We all know that businesses deduct business expenses. That’s why they pay tax on their net income, not their gross. Business expenses are almost as American as apple pie, but in an almost un-American sounding rule, dispensaries can’t. Why?
Section 280E of the tax code denies deductions for any business trafficking in controlled substances. This black letter rule was meant to stop drug dealers claiming tax deductions but hits medical marijuana too. Sure, state law may allow medical marijuana, but federal law still classifies it as a controlled substance. Dispensaries are impacted, including California’s massive Harborside Health Center.
The IRS and Tax Court must abide by Section 280E of the tax code. However, the U.S. Tax Court has allowed dispensaries to deduct other expenses distinct from dispensing marijuana. See Californians Helping to Alleviate Medical Problems Inc. v. Commissioner. If a dispensary sells marijuana and also engages in the separate business of care-giving, the caregiving expenses are deductible.

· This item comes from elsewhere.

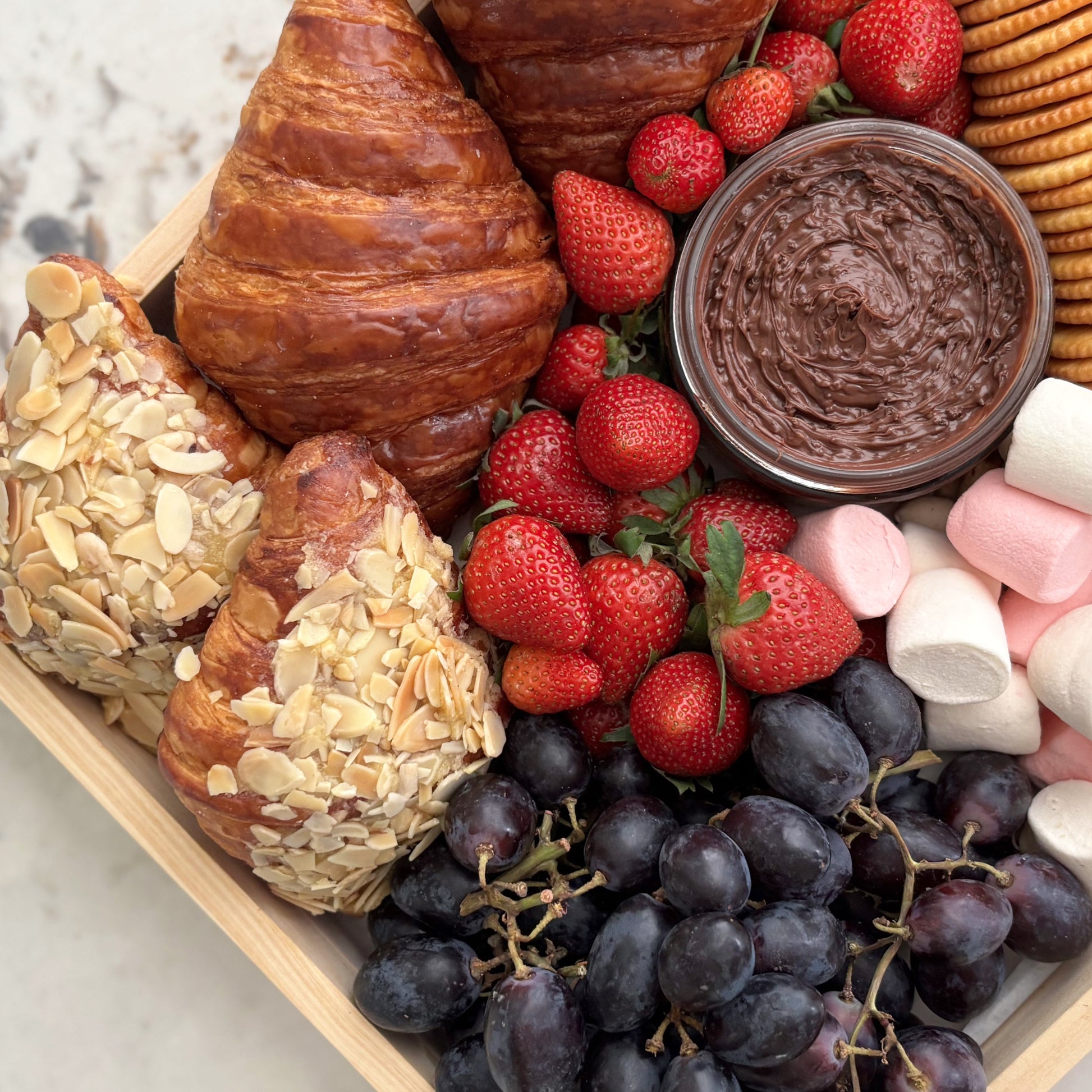 - plain croissant, almond croissant, honey, biscoff biscuit, mixed nuts, mixed grapes, marshmellow, strawberries, chocolate spread NuttaNut, cheddar cheese

If only 10% of the premises is used to dispense marijuana, most of the rent is deductible. Still, good record-keeping is essential. See Medical Marijuana Dispensaries Persist Despite Tax Obstacles. That was one of the issues facing Martin Olive.
He set out to sell legal medical marijuana, calling his business Vapor Room. Vaporizers are expensive equipment that extract marijuana’s principal active component so users can inhale the vapor rather than smoke. The IRS audited Mr. Olive and presented a big bill.

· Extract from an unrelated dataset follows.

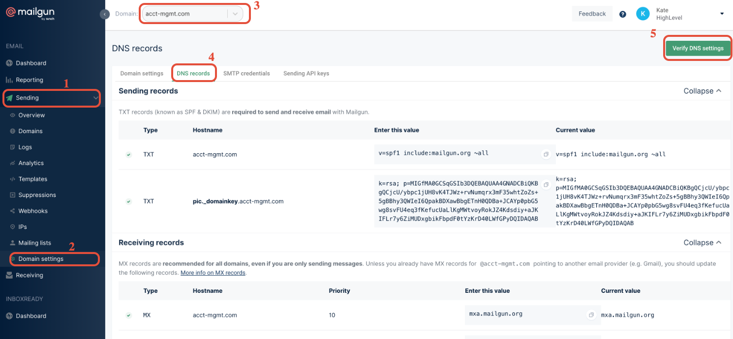 Here are some steps you can take to fix this issue based on your current Mailgun sending domain:

Mr. Olive went to Tax Court, but it agreed with the IRS. Olive under-reported his gross receipts and, with only one business, Section 280E precluded his deductions. He owed back taxes and penalties. See Olive v. Commissioner. The only good news was that the court permitted him to deduct his cost of goods sold–the marijuana he bought and resold.

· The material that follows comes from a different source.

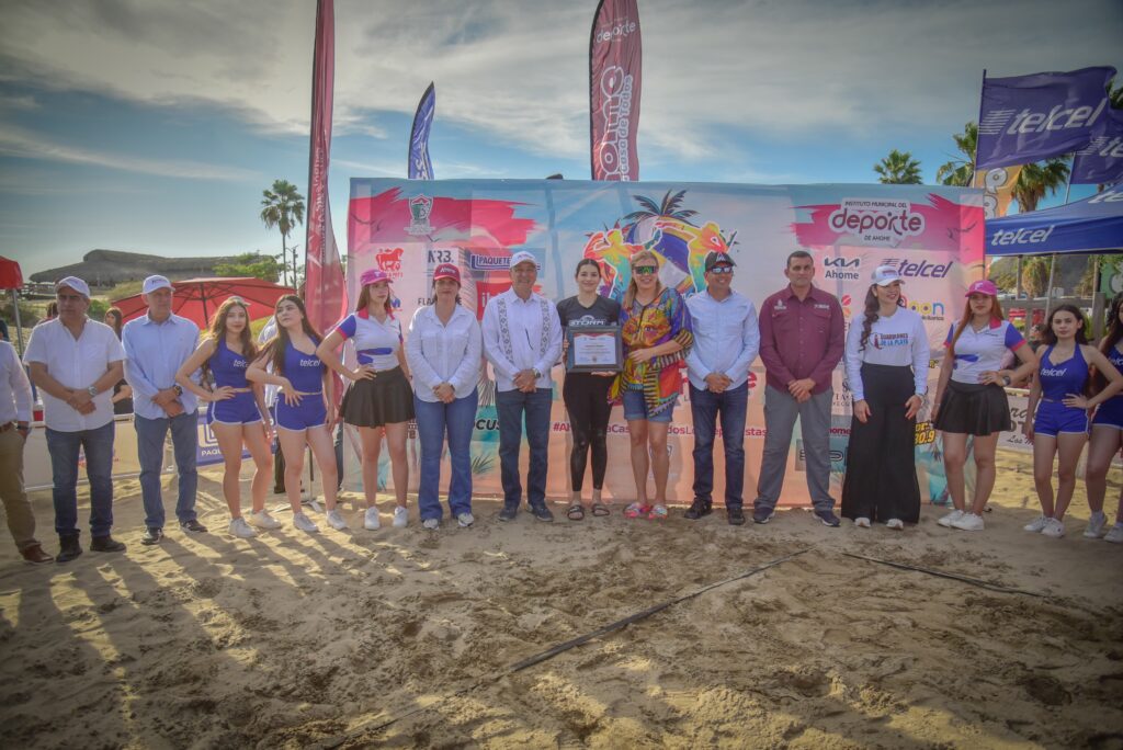 Playa El Maviri, Ahome, Sinaloa. A 03 de abril de 2026.- En un ambiente de entusiasmo, competencia y reconocimiento al talento deportivo, el Ayuntamiento de Ahome, a través del Instituto Municipal del Deporte, inauguró el Torneo de Voleibol Playero “Tormenta en la Arena Ahome 2026” en, donde además se rindió homenaje a Diana Gabriela Valdez Lizárraga, la “Kiki”, por su brillante trayectoria dentro de esta disciplina.

The court didn’t believe Mr. Olive, calling his testimony rehearsed, insincere and unreliable, and noting:
“We also do not rely on the uncorroborated testimony of petitioner’s other witnesses, three of whom are (or were) patrons of the Vapor Room and all of whom are closely and inextricably connected with the medical marijuana industry and with a desired furtherance of that movement.”
More legal battles–tax and otherwise–seem certain.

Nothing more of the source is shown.